When selling, Hornyak's family benefitted from the low supply of homes.
"There are things we could do in the city to remove regulations on supply that are really just put in place to help incumbent homeowners like myself," he said. "I see that. And I just went through it. And I see how the system is rigged in favor of people like me, and it's not right. And it sucks to succeed in a system where it's hurting people who aren't already in that system."
Hornyak has strong opinions when it comes to how the city should address its housing crisis, which he blames on far too little supply. He wants to see neighborhoods zoned for single-unit homes embrace more types of housing.
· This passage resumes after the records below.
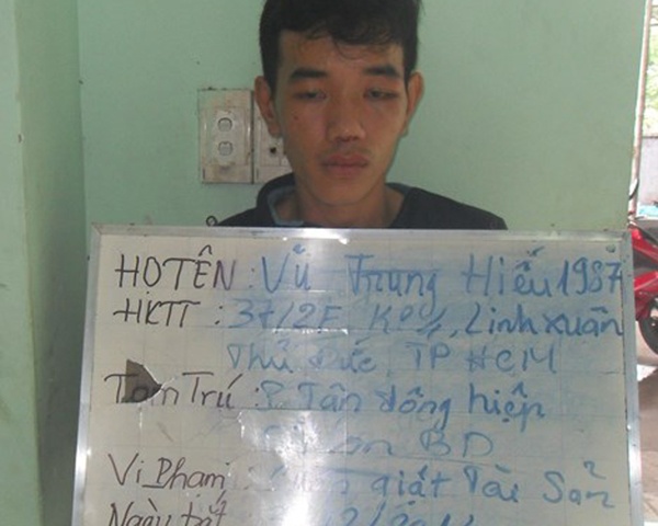 Theo thông tin ban đầu, 8h ngày 3/12, Vũ Trọng Hiếu điều khiển xe máy lưu thông trên đường ở phường Bình Hòa (thị xã Thuận An, Bình Dương) để tìm kiếm "con mồi".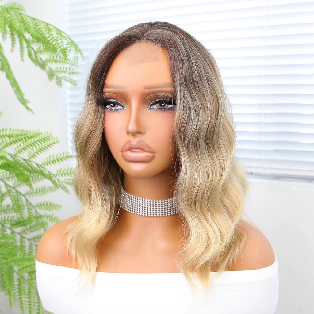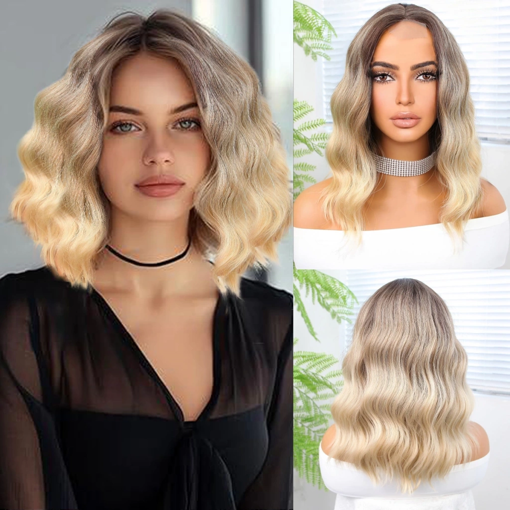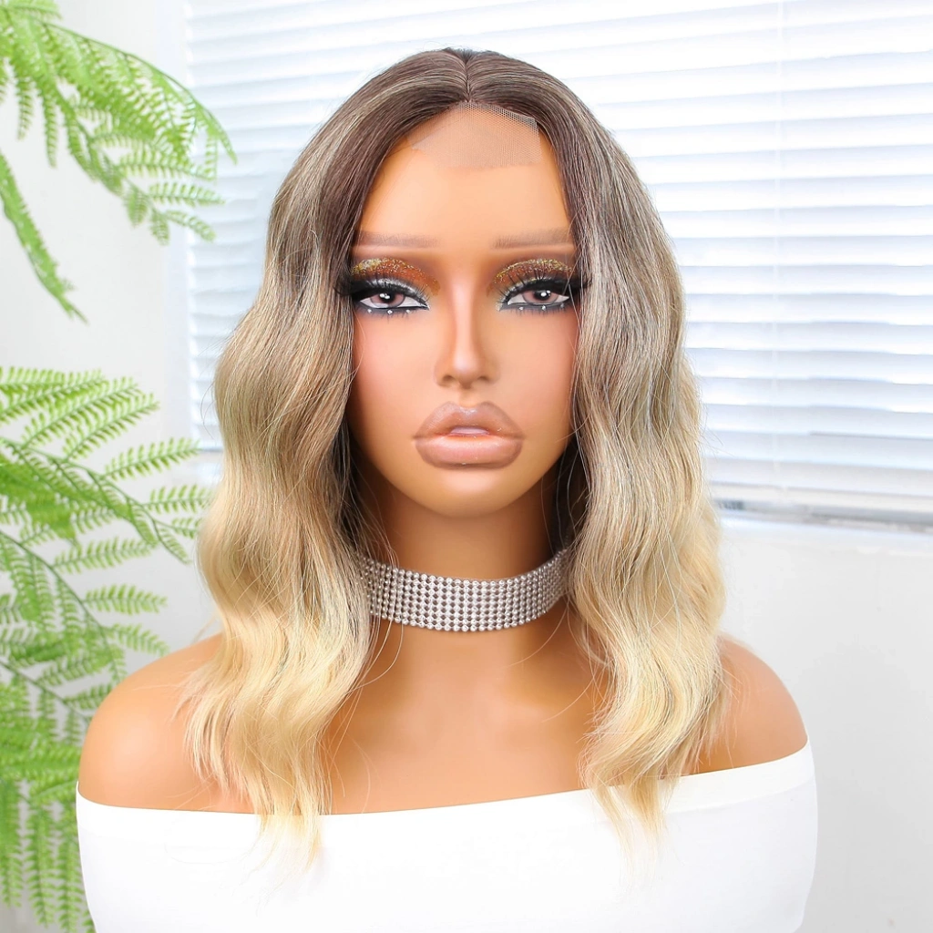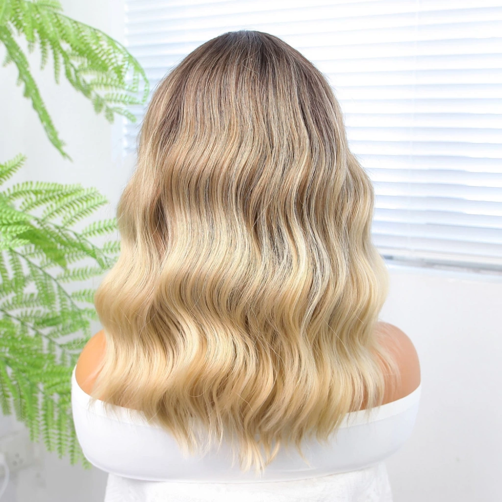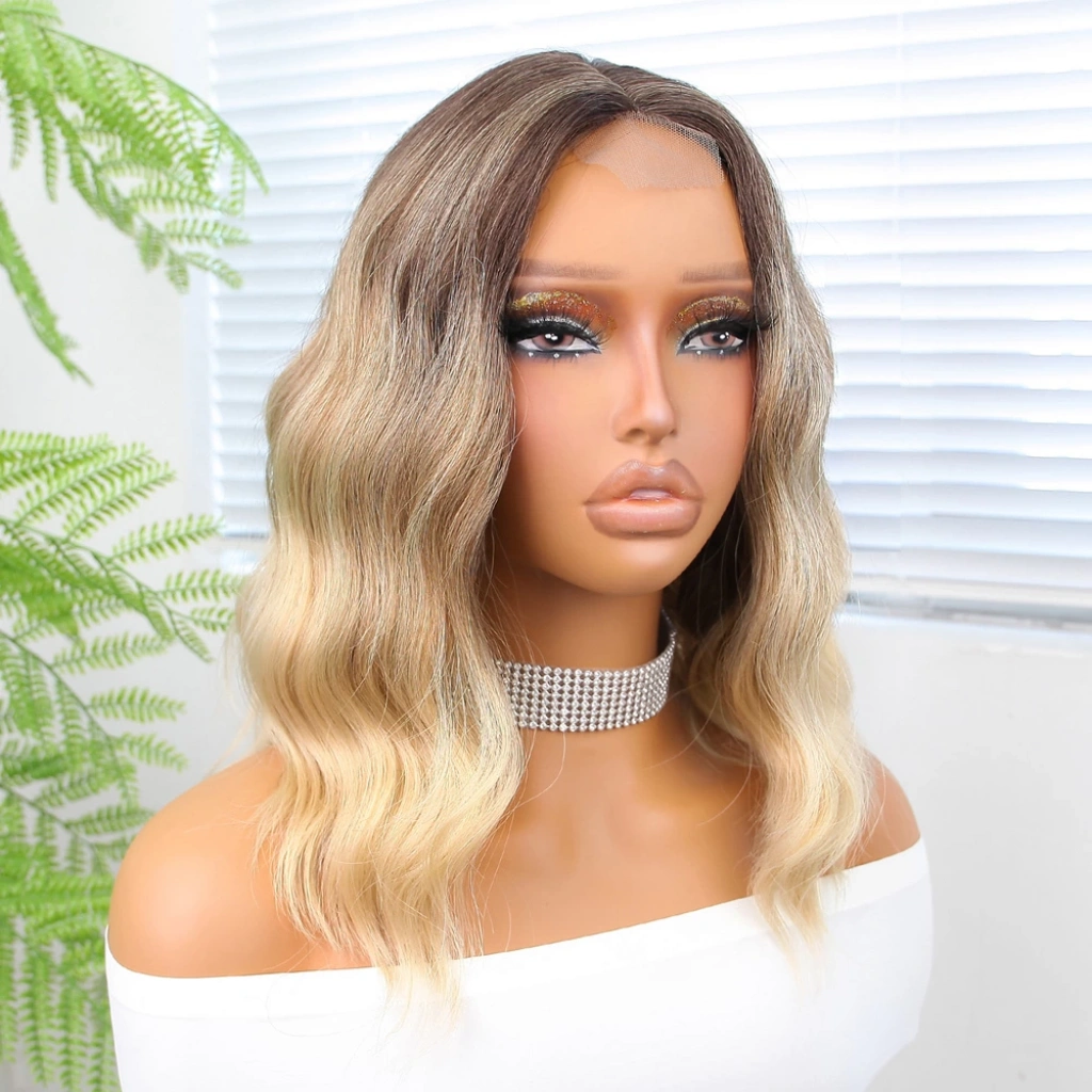 Açık Kumral Platin Ombreli Dalgalı Tül Peruk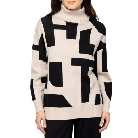 Női kötött, garbó nyakú pulóver, bővebb, hosszabb szabással, ejtett vállal, belekötött logó mintával, kis fém márkajelzéssel az eleje alján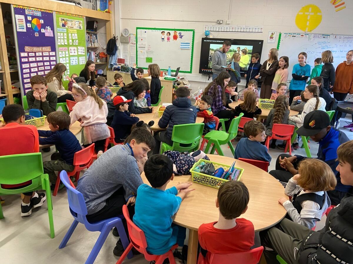 Ceannairí na Gaeilge ag caint le na páistí.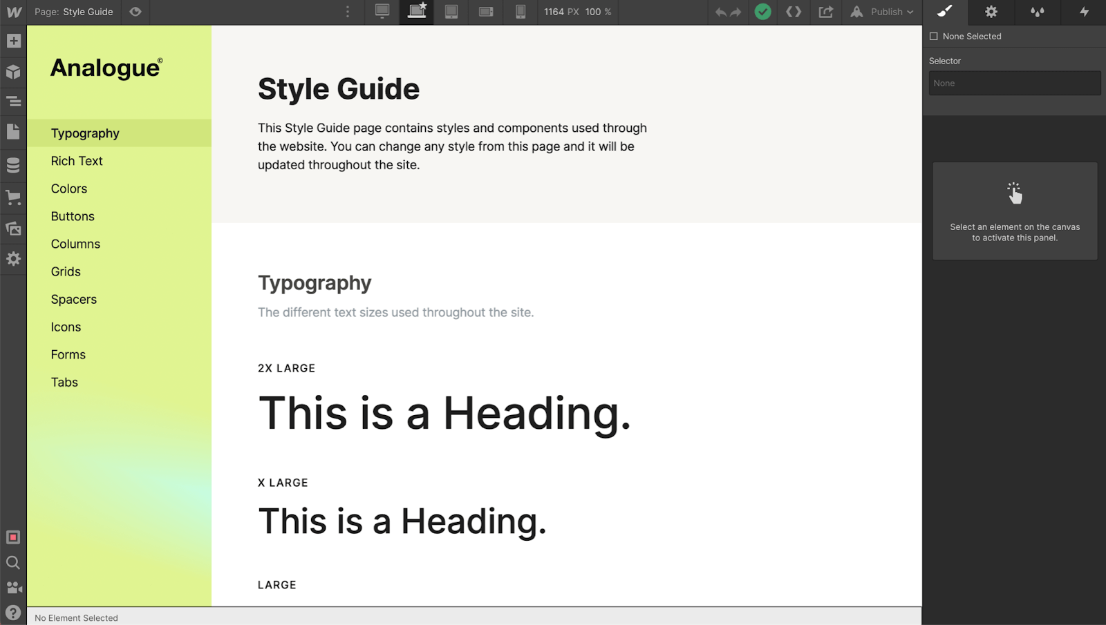 After the editor I take clients through the designer. Again, you don't need to show every single feature, just go through the basics of how you've set up pages, and where they can find the style guide.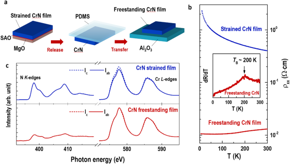 图3.20原胞层厚度的自支撑CrN薄膜制备和表征。(a)自支撑CrN薄膜制备过程示意图。(b)受应力调制和自支撑CrN薄膜的电阻率-温度变化曲线。(c)受应力调制和自支撑CrN薄膜的氮K边和铬L边的X射线吸收谱。

In Chaffee Park, Hornyak was part of a group that successfully advocated for rezoning the neighborhood to include accessory dwelling units, backyard homes people can use as rentals for secondary income or to house relatives. When old houses are scrapped, he'd prefer to see duplexes and multiplexes be built on lots instead of massive single-unit homes. And rather than concentrating the burden of density in a few neighborhoods, he'd like to see all Denver neighborhoods take in some of the growing population.
The fix, as he told it, is free for the city.
"Allow more people to live in our neighborhoods," he said. "Allow our neighborhoods to change gradually in structure as the city grows. And that's, of course, by a gradually incremental increase in zoning in all of our neighborhoods, to allow more diverse housing types to be built in our single-family neighborhoods that have been locked away from any sort of change, to the benefit of the incumbent landowners, for decades."